Let $(\Omega,\mathcal A)$ be a measurable space and $(X_i)_{i\in I}$ be an $(E,\mathcal E)$-valued process on $(\Omega,\mathcal A)$. If $J\subseteq I$, we may consider the random variable $$X_J:=(X_j)_{j\in J}:\Omega\to E^J.$$
Then $\sigma(X_J)= \sigma(X_j,j\in J)$

Proof It is similar to proof of Question 1.
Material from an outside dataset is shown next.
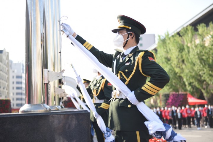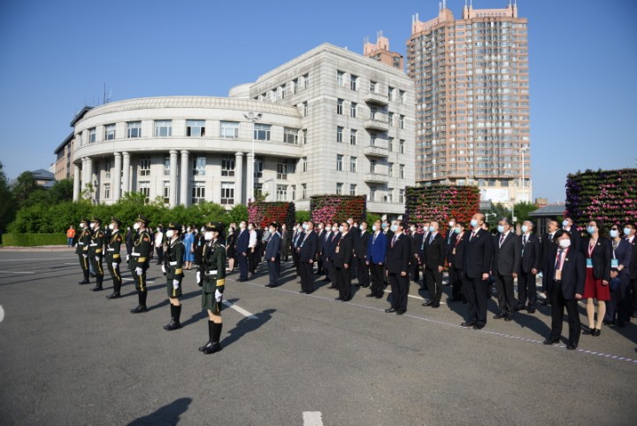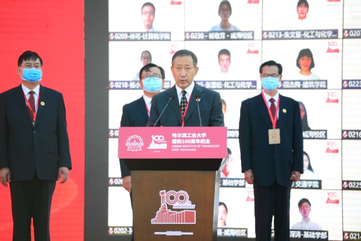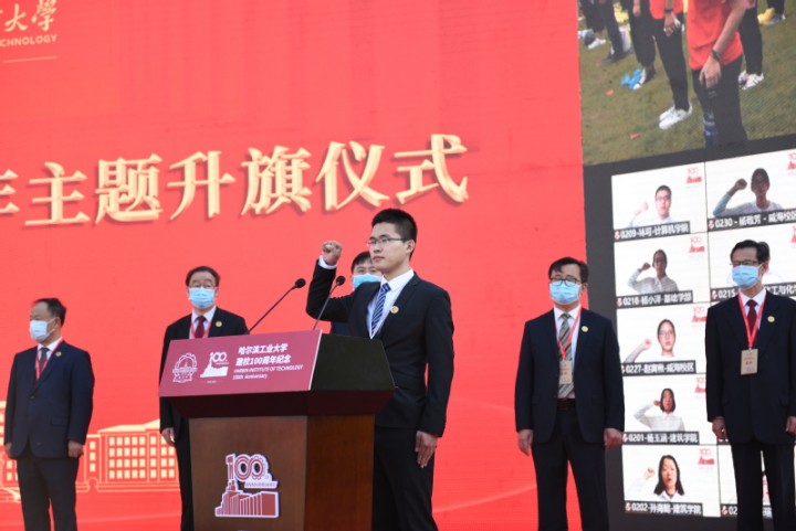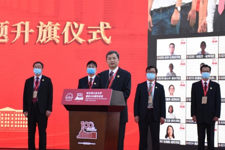 哈工大报讯(刘忠奎 文/图)一世纪规格功夫,新百年世界一流。6月7日,哈工大迎来了她100岁华诞,一校三区的师生员工、海内外广大校友通过“云端”联动的方式,共同举行主题升旗仪式。校党委书记熊四皓出席仪式并讲话。校党委副书记、校长周玉主持仪式。

Note that, for all $j \in J$, we have $X_j= \rho_j \circ X_J$.
We have
\begin{align*}
\sigma(X_J) & = \sigma(\{X_J^{-1}(B): B \in \mathcal E^{\otimes J} ) &\\
&= \sigma(\{X_J^{-1}(\rho_j^{-1}(A)): A \in \mathcal E \text{ and } j \in J ) & \text{ by the lemma} \\
&= \sigma(\{(\rho_j \circ X_J)^{-1}(A): A \in \mathcal E \text{ and } j \in J ) & \\
&= \sigma(\{X_j^{-1}(A): A \in \mathcal E \text{ and } j \in J ) & \\
&= \sigma(X_j: j \in J)
\end{align*}